Não permitimos que a inveja tome conta de nossa pessoa, nem nos perguntamos,
"Por que é que eles conseguem isso ou aquilo, e não eu?". Em vez
disso, formulamos a aspiração de que a felicidade deles seja duradoura, e
fazemos tudo o que está a nosso alcance para que isso aconteça. Ao nos
regozijarmos com a virtude dos outros, criamos tantas virtudes quanto eles
possuem. Do mesmo modo, se nos alegramos com a desventura de alguém, criamos
tanta não virtude quanto a pessoa que provocou essa desventura. No tempo do
Budha Sakiamuni, dois meninos estavam mendigando comida diante do palácio
de um rei.

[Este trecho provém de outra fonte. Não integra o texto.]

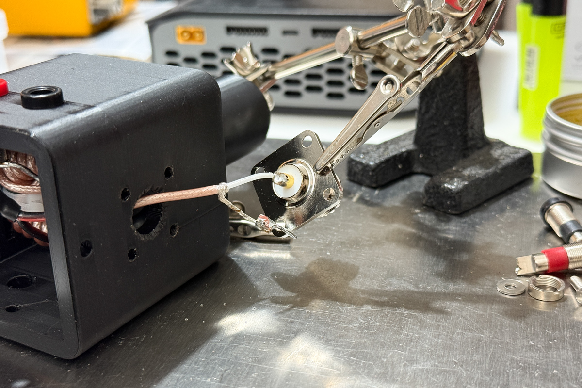 Nach dem Druck wird die Mantelwellensperre aufgebaut: RG316 wird auf einen passenden Ringkern (z. B. FT114-43) gewickelt, Anschlüsse werden hergestellt und für die mechanische Entlastung sinnvoll verlängert. An kritischen Stellen hilft ein kurzes Stück flexibles Silikonkabel zwischen Koax und Lötpunkt. Schrumpfschlauch sorgt für Zugentlastung und Isolation.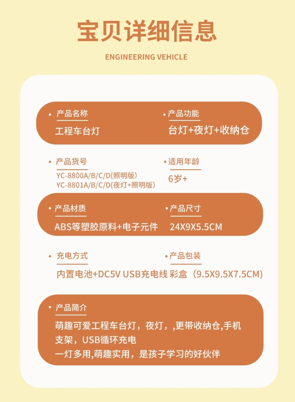 创意卡通小台灯USB充电便携式儿童阅读卧室夜灯学生阅读护眼台灯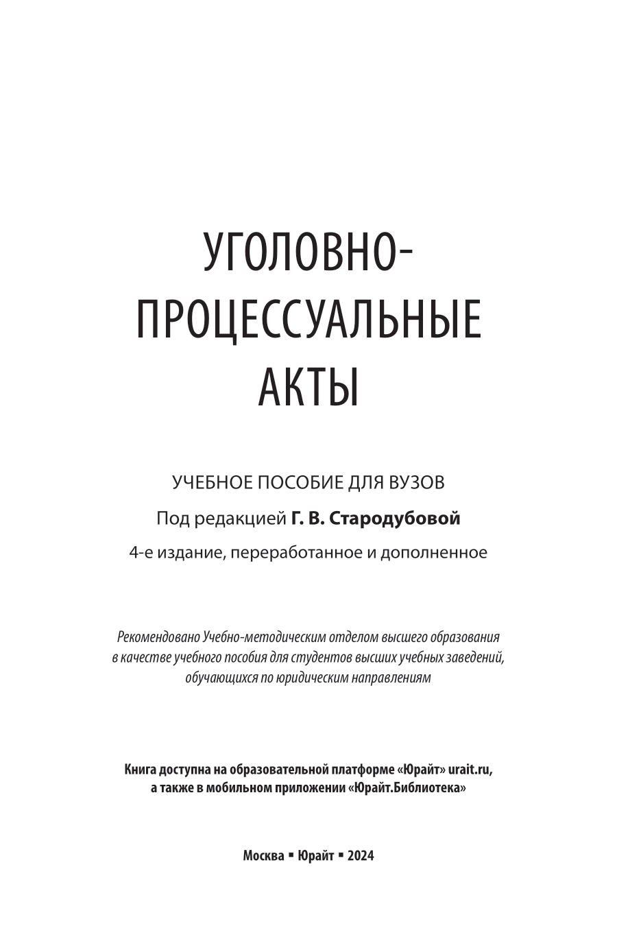 Уголовно-процессуальные акты 4-е изд. пер. и доп. Учебное пособие для вузов (Кузнецов Анатолий Николаевич, Моргачева Лариса Алексеевна, Стародубова Галина Викторовна, Баева Ксения Максимовна, Панько Надежда Константиновна, Малахова Людмила Ивановна, Астафьев Алексей Юрьевич), 2024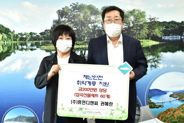 [무한뉴스] 제천시 주식회사 휴먼디앤씨는 집중호우로 피해를 입은 제천지역 수해피해주민들을 위한 재난안전 취약계층 지원물품을 지난 28일 제천시에 기탁했다.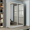 Шкаф Экспресс 2 Широкий 2-х дверный Дуо Зеркало (Серебряный профиль) Ясень Анкор светлый 1800*2400*600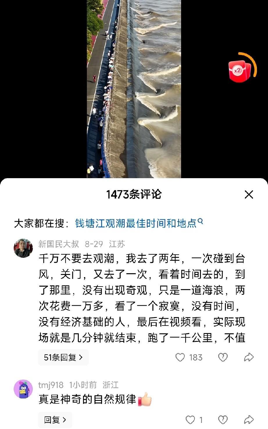 千万不要去钱塘江观潮,我去了两年,一次碰到台风,关门,又去了一次,看着时间去的,到了那里,没有出现奇观,只是一道海浪,两次花费一万多,看了一个寂寞,没有时间,没有经济基础的人,最后在视频看,实际现场就是几分钟就结束,跑了一千公里,不值! 到底值不值?这是见仁见智的事情,但是出去旅游,花费肯定是有的,而且肯定不低,需要有钱有闲,并且还要有心情,有些人很有钱,也很有钱,就是不愿意出去,有的人想出去游玩,可没有钱,没有时间。 其实,我发现,最好的观看和欣赏不是到现场,而是追随镜头欣赏。 到现场,只不过是体现而已,未必会看到完美的景色。 钱塘江观潮非常出名,我没有到过一次现场,但是我已经看过非常多的奇观了。比如说本图的神龙摆尾,比如说两潮交叉,还有鱼鳞潮,还有四潮交汇。 从高空角度观赏,非常壮观。但是在现场,如果仅仅凭自己的双眼,未必会看到那么壮观的景色。 #秋日生活打卡季#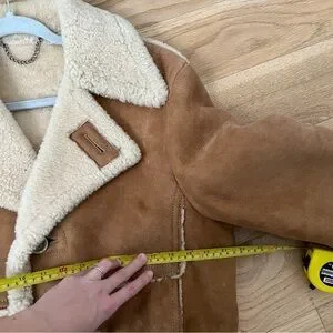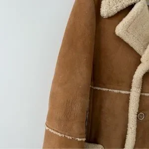 Vintage sears the leather shop suede and Sherpa coat. Very unique and stylish. Nice heavy material. There are some blemishes. See photos.

O rei havia convidado o Budha e seu séquito (comitiva) para almoçar,
e uma refeição maravilhosa havia sido preparada. Um dos meninos pôs-se a pedir
comida, antes que fosse oferecida ao Budha. Ninguém deu-lhe nada para comer, e
ele ficou com muita raiva. Ele pensou, "Se eu fosse um rei, iria cortar a
cabeça do Budha, a deste rei e a de todas as pessoas que o estão ajudando".

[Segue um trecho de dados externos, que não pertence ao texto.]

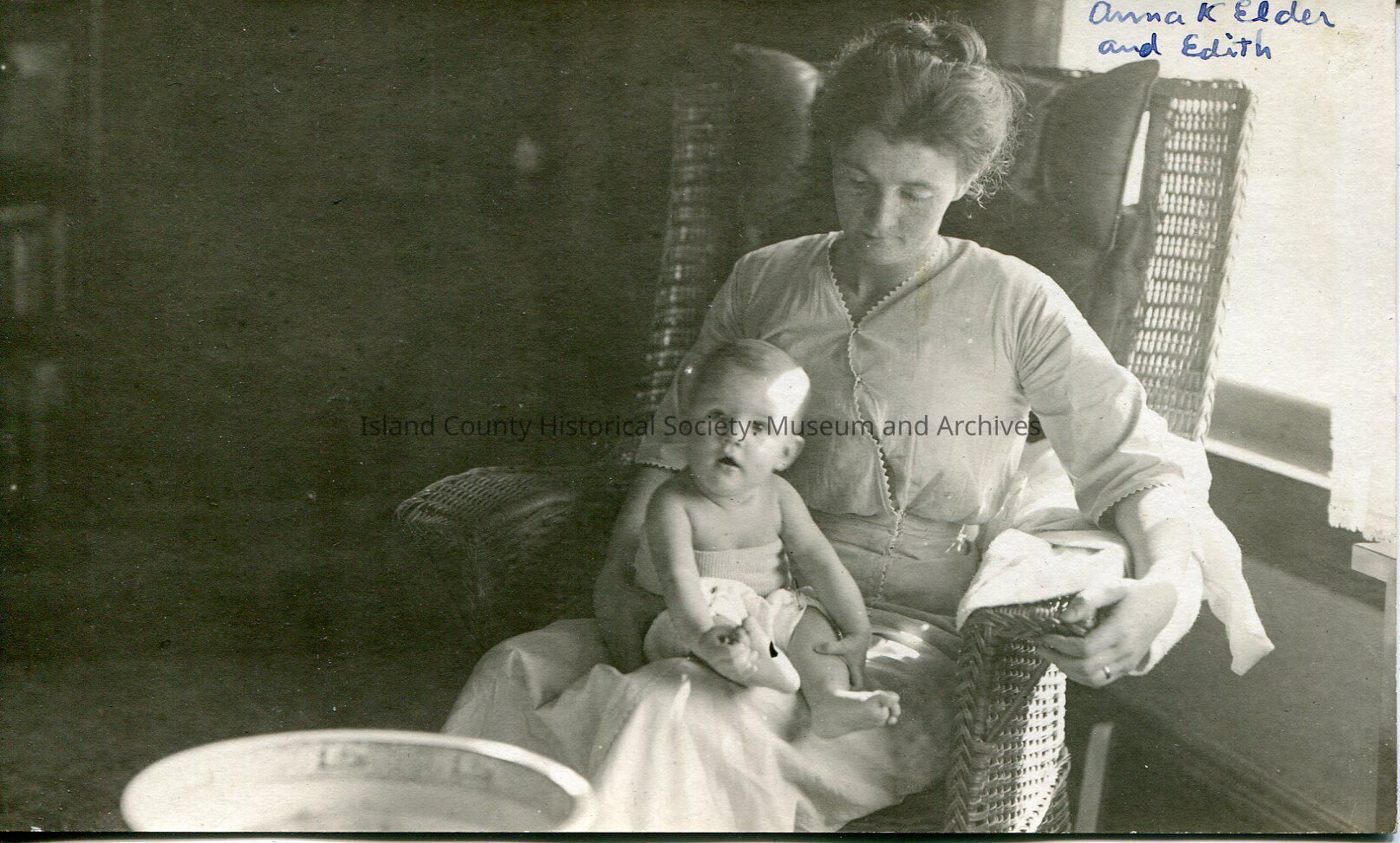 A postcard of a woman in a wicker rocker holding a baby in a cloth diaper. On the top right: "Anna K. Elder and Edith". The postvard is dated 1904-1918.

O outro menino esperou até que o Budha e o seu séquito houvessem se servido.
Então, pediu a comida que havia sobrado e recebeu tanto quanto conseguia comer.

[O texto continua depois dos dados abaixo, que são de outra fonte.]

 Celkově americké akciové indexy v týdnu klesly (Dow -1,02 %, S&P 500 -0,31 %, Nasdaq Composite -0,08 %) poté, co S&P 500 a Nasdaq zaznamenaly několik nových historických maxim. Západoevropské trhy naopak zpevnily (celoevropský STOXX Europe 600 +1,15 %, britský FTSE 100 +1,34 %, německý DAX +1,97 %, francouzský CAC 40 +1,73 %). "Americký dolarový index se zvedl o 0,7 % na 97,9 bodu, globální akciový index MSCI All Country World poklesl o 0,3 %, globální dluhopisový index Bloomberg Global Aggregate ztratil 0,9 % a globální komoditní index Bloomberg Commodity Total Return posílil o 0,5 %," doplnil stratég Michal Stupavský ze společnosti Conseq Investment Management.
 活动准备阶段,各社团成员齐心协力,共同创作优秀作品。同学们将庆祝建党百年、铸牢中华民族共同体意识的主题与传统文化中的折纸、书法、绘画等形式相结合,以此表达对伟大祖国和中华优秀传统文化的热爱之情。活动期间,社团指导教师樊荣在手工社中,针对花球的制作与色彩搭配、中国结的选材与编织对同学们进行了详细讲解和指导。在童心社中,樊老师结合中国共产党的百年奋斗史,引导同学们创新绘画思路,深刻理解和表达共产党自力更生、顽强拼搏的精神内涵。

Ele pensou consigo, "Que rei maravilhoso. Que grande mérito ele criou ao
convidar o Budha para almoçar e ao demonstrar generosidade àqueles que são
pobres como nós. Se eu fosse rei, todas as minhas posses ofereceria ao Budha e
também aos pobres". Depois do almoço, os meninos se separaram. O menino de
bom coração pôs-se a caminhar, atravessou a fronteira e foi parar em um reino
vizinho. Ele se deitou para dormir, protegido do calor pela sombra de uma
árvore. Sem que ele soubesse, o rei daquela região havia morrido, e seus
ministros estavam à procura de alguém que tivesse as qualidades e méritos para
ser o novo rei. As pessoas da aldeia onde o menino dormia notaram que, ao longo
do dia, embora o Sol mudasse de posição no céu, a sombra nunca se movia de onde
o menino se deitara. Julgando isso extraordinário, relataram o fato aos
ministros do rei. Quando receberam a notícia, os ministros ordenaram que o
menino de bom coração fosse incluído entre os candidatos ao trono, os quais
deveriam comparecer perante uma grande reunião de todos os súditos do rei, O
novo rei seria escolhido por um elefante muito especial. No dia marcado, o
elefante aproximou-se daquele menino pobre e maltrapilho, que estava bem no
fundo do grupo de candidatos, ungiu sua cabeça com a água especial de um vaso,
levantou-o com a tromba e colocou-o sobre o trono. Enquanto isso, o menino
raivoso adormeceu no jardim do rei. Uma carroça que passava por perto se
desgovernou e tombou sobre seu corpo, cortando seu pescoço e o matando. A
princípio, a prática das quatro qualidades incomensuráveis requer esforço. Um a
um, soltamos os nós que nos amarram, os venenos, enganos e ilusões da mente. A
equanimidade reduz o orgulho, o regozijo reduz a inveja, a compaixão reduz o
desejo e o amor reduz a raiva e a aversão. A medida que a raiva diminui,
desponta a sabedoria que é como o espelho; à medida que o desejo diminui,
desponta a sabedoria que discrimina, e assim por diante. À medida que a nossa
prática amadurece e a sabedoria é revelada, as quatro qualidades
incomensuráveis brotam naturalmente, sem esforço, da mesma forma que os raios
de luz e calor emanam do Sol. Embora muitas pessoas pensem que possam
reconhecer a sabedoria diretamente, isso não é tão fácil. Até que os nós
comecem a se desatar, a consciência intrínseca e primordial não será algo
evidente. É por intermédio das quatro portas do amor, com paixão, alegria e
equanimidade que podemos entrar no mandala da natureza absoluta da
mente. Portões da Prática budista. Chagdud Tulku Rinpoche (1930-2002). Abraço. Davi.